Inicialmente prevista para durar dois meses, a moratória acabaria por se prolongar por um ano, para "explicar ao público os benefícios para a saúde destes trabalho, descrever as medidas que permitem minimizar os riscos e dar tempo aos países para rever as suas políticas", nomeadamente de biossegurança, lê-se na carta agora publicada (acessível em http://www.sciencemag.org/site/special/h5n1/). Os defensores destas investigações têm argumentado que conhecer o número mínimo de mutações que tornariam o H5N1 numa nova praga humana global deverá permitir não só desenvolver vacinas, mas criar sistemas de alerta, caso essa combinação de mutações surja naturalmente.

Os mesmos signatários de 2012 - Fouchier, Kawaoka e um elenco de estrelas mundiais da gripe das aves - assinam, portanto, esta nova carta, considerando que essas metas foram atingidas. E que, na medida em que uma série de países já redefiniu as suas normas de biossegurança e aprovou as pesquisas nessas condições, é urgente retomá-las. Apesar de os EUA, o maior financiador mundial na área através dos Institutos Nacionais de Saúde (NIH), não ter ainda dado a sua resposta e não se saber quanto é que ela poderá ainda demorar.

"Por que é que os outros países deveriam esperar pelos Estados Unidos?", disse ontem Fouchier, durante uma conferência de imprensa telefónica internacional organizada pela Science, salientando, aliás, que combinações de duas mutações por eles identificadas antes da moratória já foram detectadas em H5N1 no Egipto.

Interrogado pelo PÚBLICO sobre quais os países que já responderam afirmativamente - ou que estarão em vias de o fazer -, o investigador disse serem basicamente os países onde se localizam os laboratórios dos signatários: Alemanha, Canadá, China, EUA, Holanda, Itália, Japão, Reino Unido e Rússia. "Não tenho uma lista dos países", declarou, "mas a Holanda, Canadá e, em princípio, todos os países da União Europeia já deram a sua aprovação". O Japão, salientou, pelo seu lado, Kawaoka, ainda não o fez.

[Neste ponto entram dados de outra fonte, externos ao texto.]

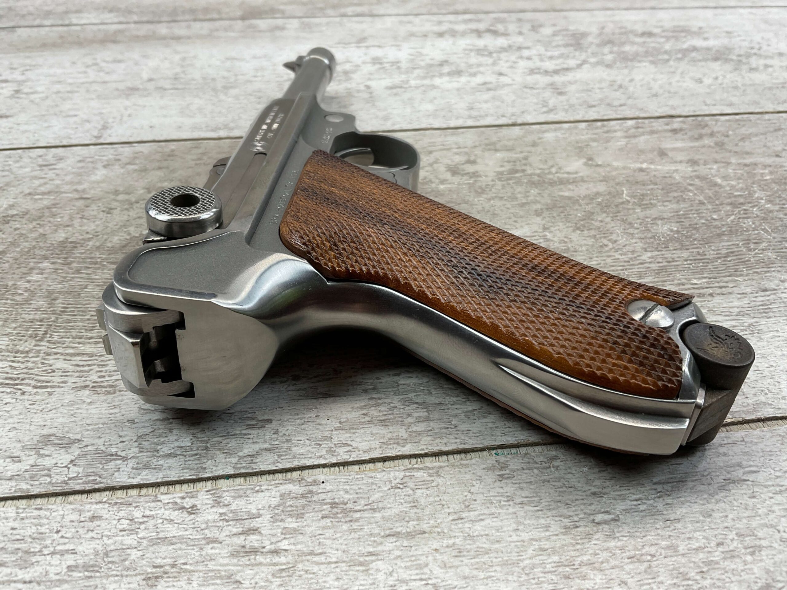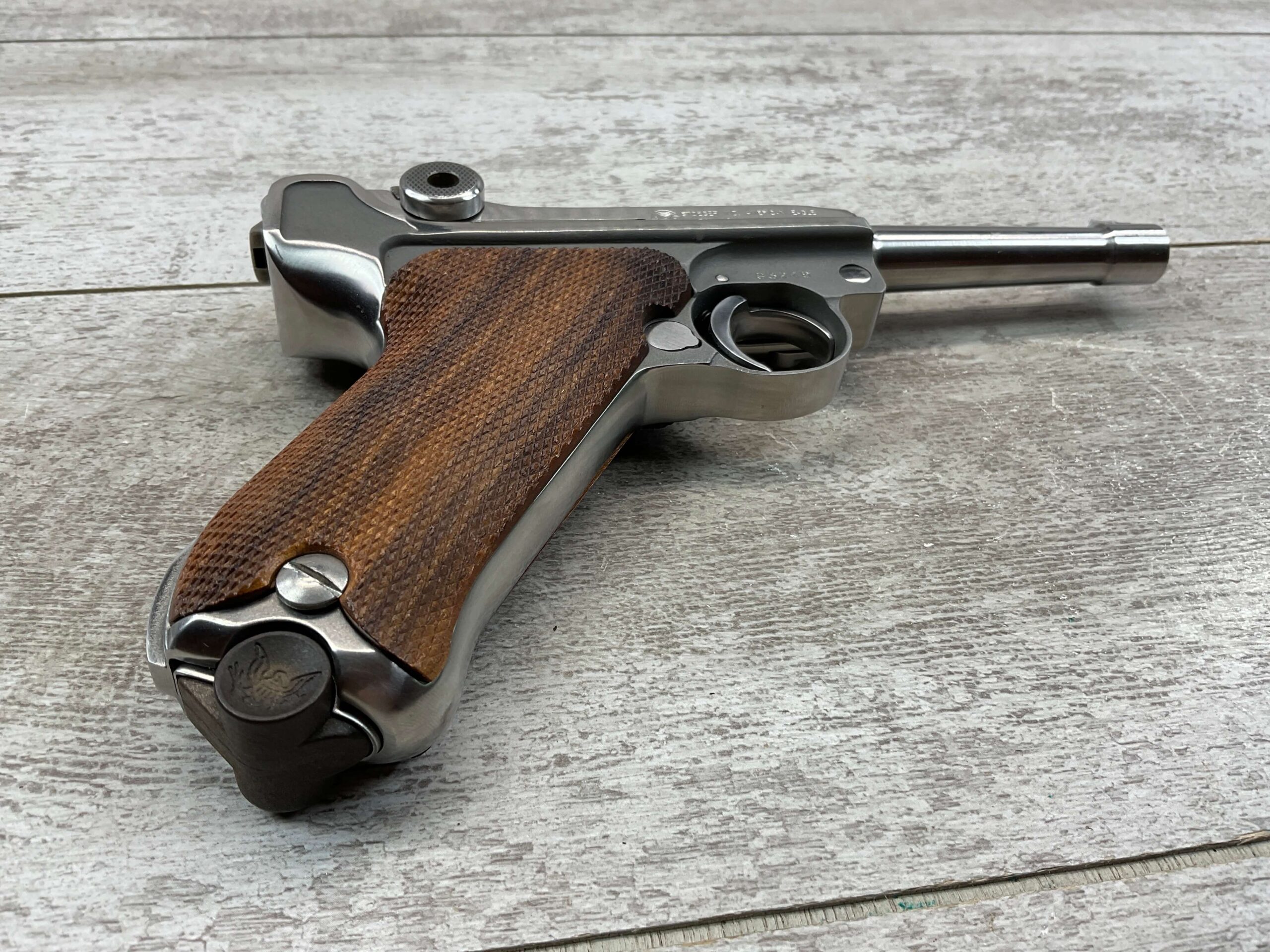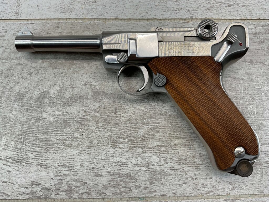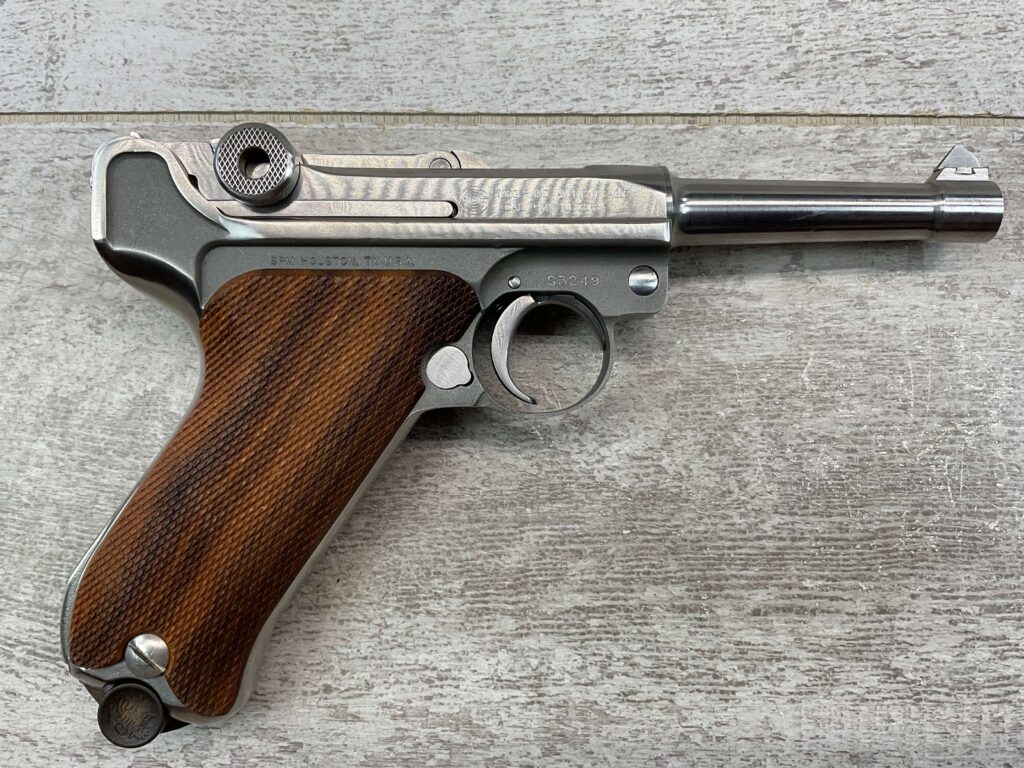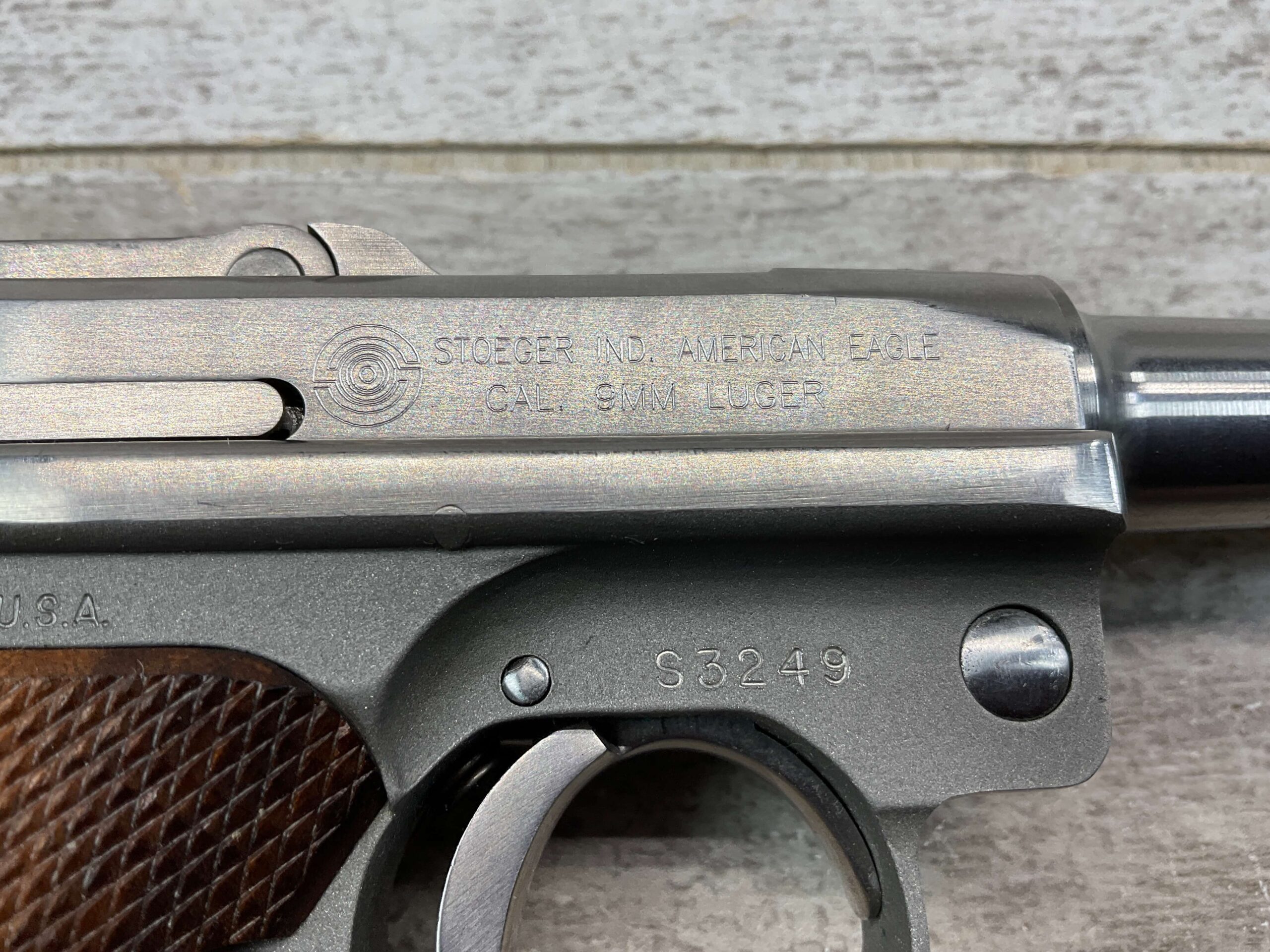 STOEGER AMERICAN EAGLE STAINLESS LUGER P08 9MM PISTOL #S3249, 4″ BBL, 11 ROUND MAG, AMERICAN EAGLE ON MAG AND OVER CHAMBER, 1994 APPROX MFR, WALNUT CHECKERED GRIPS, APPEARS UNFIRED, NEAR PERFECT CONDITION, 99+% OVERALL

Todavia, reconheceram estes cientistas, os níveis de biossegurança exigidos aos laboratórios para evitar fugas ou a contaminação dos que neles trabalham não estão harmonizadas a nível mundial. Mas esperam que a Organização Mundial da Saúde venha a agir nesse sentido.

O debate está, contudo, longe de estar encerrado. Muitos cientistas continuam a criticar a realização destas investigações - e subsistem dúvidas inclusivamente entre os signatários da nova carta. Ilaria Capua, do Instituto Zooprofiláctico Experimental de Pádua (Itália), admite na Nature os seus receios ao jornalista Declan Butler. Não com o punhado de laboratórios com altos padrões de segurança actualmente envolvidos, mas "com o risco de proliferação deste tipo de investigação a mais longo prazo".

Concretamente, onde é que as pesquisas poderão ser retomadas nas próximas semanas? Fora dos EUA e sem fundos dos NIH. O que por enquanto exclui totalmente a equipa de Kawaoka e parcialmente a de Fouchier."